I, Philip M. Kovnat, hereby certify that I electronically filed the foregoing brief with the Court and served all counsel of record via the appellate CM/ECF system on this 20th day of March, 2019.

s/Philip M. Kovnat

PHILIP M. KOVNAT

Attorney

Equal Employment

Opportunity Commission

Office of General Counsel

131 M St. N.E., 5th Floor

Washington, D.C. 20507

(202) 663-4769

philip.kovnat@eeoc.gov

 

 



[1] The EEOC takes no position on any other issue in this appeal.

[2] Because this is an appeal of a grant of summary judgment for the defendant on the constructive discharge claim, and of a jury’s punitive damages award for the plaintiff, the following facts are based on the summary judgment and trial records, with all reasonable inferences drawn in favor of the plaintiff. Our discussion of punitive damages in the Argument section cites only evidence that was before the jury at trial.

[3] JA 2244 is the cover page for Plaintiff’s Exhibit 12, a recording of the conversation that was played for the jury. Citations to JA 2244 are citations to the underlying recording.

[4] The jury also found AutoZone liable for intentional infliction of emotional distress and awarded Ward $210,000 in compensatory and punitive damages for that state-law claim. JA 1983.

[5] Whitten applied Title VII principles and case law to a state-law claim. See 601 F.3d at 242-51. As the Supreme Court and this Court have recognized, Whitten therefore established Title VII precedent. See, e.g., Vance v. Ball State Univ., 570 U.S. 421, 431, 447 (2013); Dulaney v. Packaging Corp. of Am., 673 F.3d 323, 330 n.7 (4th Cir. 2012).

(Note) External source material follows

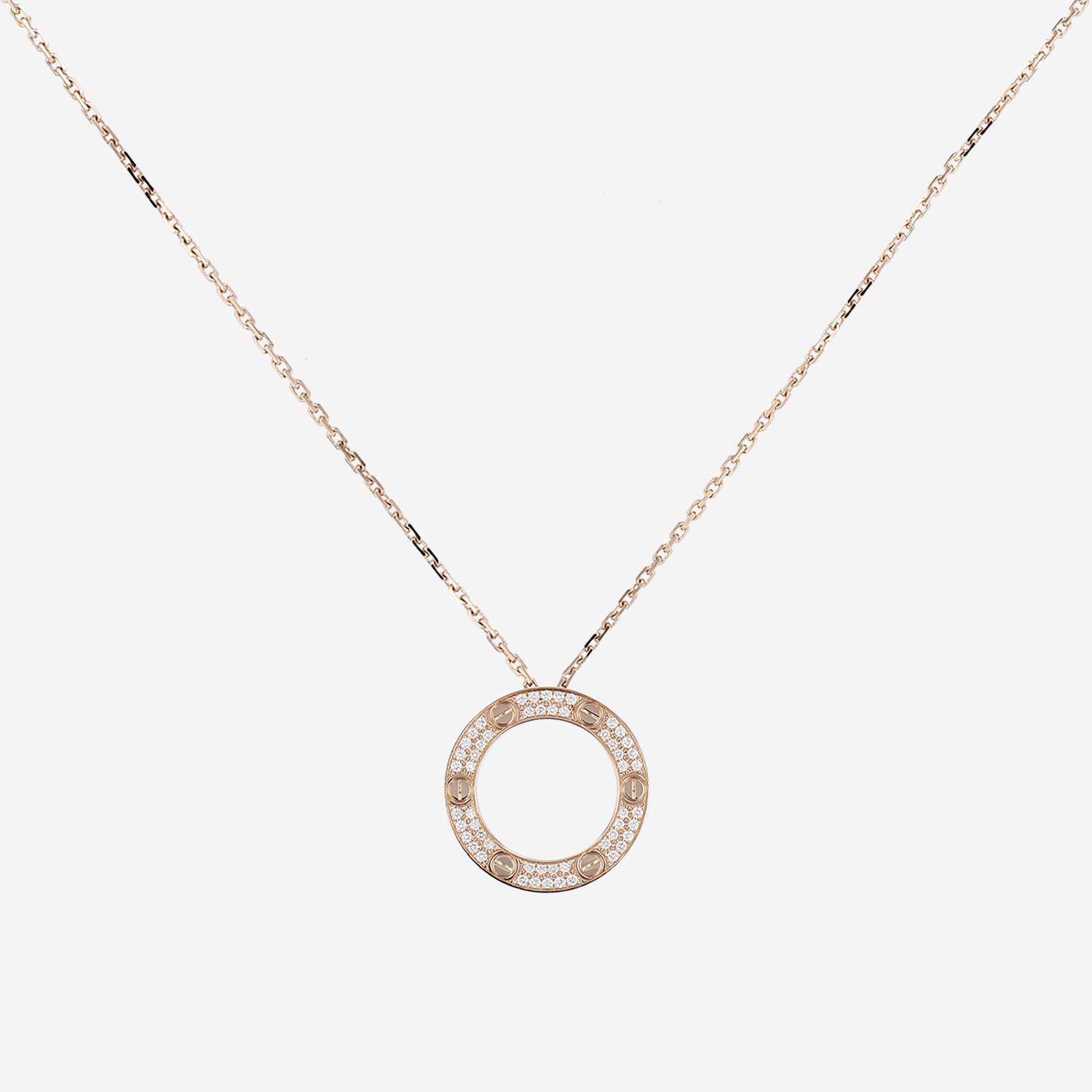Collana Cartier Love pavé in oro rosa e diamanti, composta da un elegante motivo traforato in oro rosa incastonato di diamanti con taglio a brillante di 0.34 carati circa, ornata di motivi a vite incisi, il tutto sostenuto da una catena a maglie forzatine in oro rosa.

[6] Whitten is no longer good law with respect to certain holdings, including its application of a “deliberateness” standard to the plaintiff’s constructive discharge claim. 601 F.3d at 248. Nevertheless, Whitten’s precedential value is fully intact with respect to assessing whether work conditions are “objectively intolerable” in constructive discharge cases.

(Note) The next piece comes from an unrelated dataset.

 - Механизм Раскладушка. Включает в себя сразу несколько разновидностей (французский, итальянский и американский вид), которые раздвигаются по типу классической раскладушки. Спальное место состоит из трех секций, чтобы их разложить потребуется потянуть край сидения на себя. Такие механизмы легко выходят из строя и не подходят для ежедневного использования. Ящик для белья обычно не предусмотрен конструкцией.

[7] After Kolstad was decided, a new Restatement of Agency—the Restatement (Third) of Agency (2006) (Third Restatement)—was published and did away with the Second Restatement’s managerial-capacity requirement for punitive damages. See id. § 7.03. The Third Restatement explained that “[a] slight majority of states” impose punitive damages on employers for the actions of an agent who “acted within the scope of employment . . . , without requiring any additional showing of culpability on the part of the employer.” Id. § 7.03 cmt. e. This Court need not decide whether this new standard supplants the Second Restatement standard in Title VII punitive damages cases because the jury’s damages award should be affirmed here even under the Second Restatement’s more stringent standard.

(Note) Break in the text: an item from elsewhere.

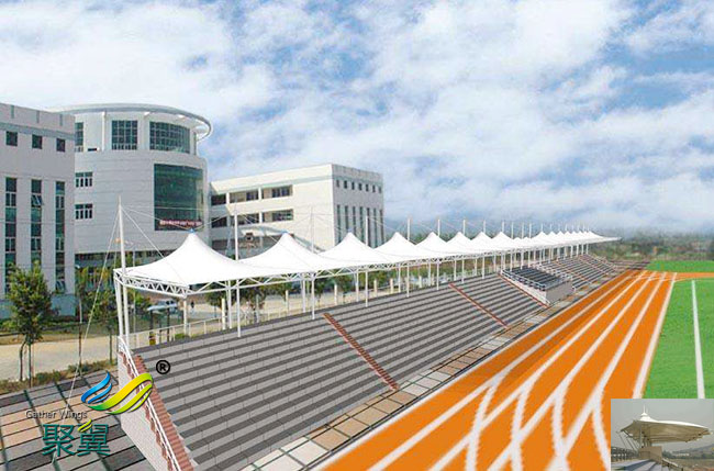膜結構看臺可使建筑師設計出各種張力自平衡、復雜且生動的空間形式。在一天內隨著光線的變化,雕塑般的膜結構通過光與影而呈現(xiàn)出不同的形態(tài)。
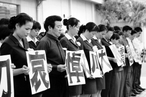 | ↑5月19日14时28分,海口泰华酒店员工向地震中的死难者默哀。

[8] Lowery concerned punitive damages under 42 U.S.C. § 1981, but it is nonetheless applicable to Title VII cases. See 206 F.3d at 441 (explaining that “any case law construing the punitive damages standard set forth in § 1981a, for example Kolstad, is equally applicable to clarify the . . . punitive damages standard with respect to a § 1981 claim”).

[9] The only court of appeals to have applied a “higher management” standard like the one AutoZone proposes is the Eleventh Circuit, which adopted that standard before the Supreme Court decided Kolstad. See, e.g., EEOC v. Exel, Inc., 884 F.3d 1326, 1331-32 (11th Cir. 2018). As the Eleventh Circuit recently explained, however, its “higher management” standard “appears to conflict” with Kolstad. Id. at 1332. Moreover, a certiorari petition challenging the Eleventh Circuit’s “higher management” standard as at odds with the holdings of all other courts of appeals to have addressed the issue is currently pending before the Supreme Court. See Travis v. Exel, Inc., No. 18-533 (S. Ct.). In any event, this appeal is controlled by this Court’s precedent, which has not adopted a “higher management” standard. See supra pp. 17-18.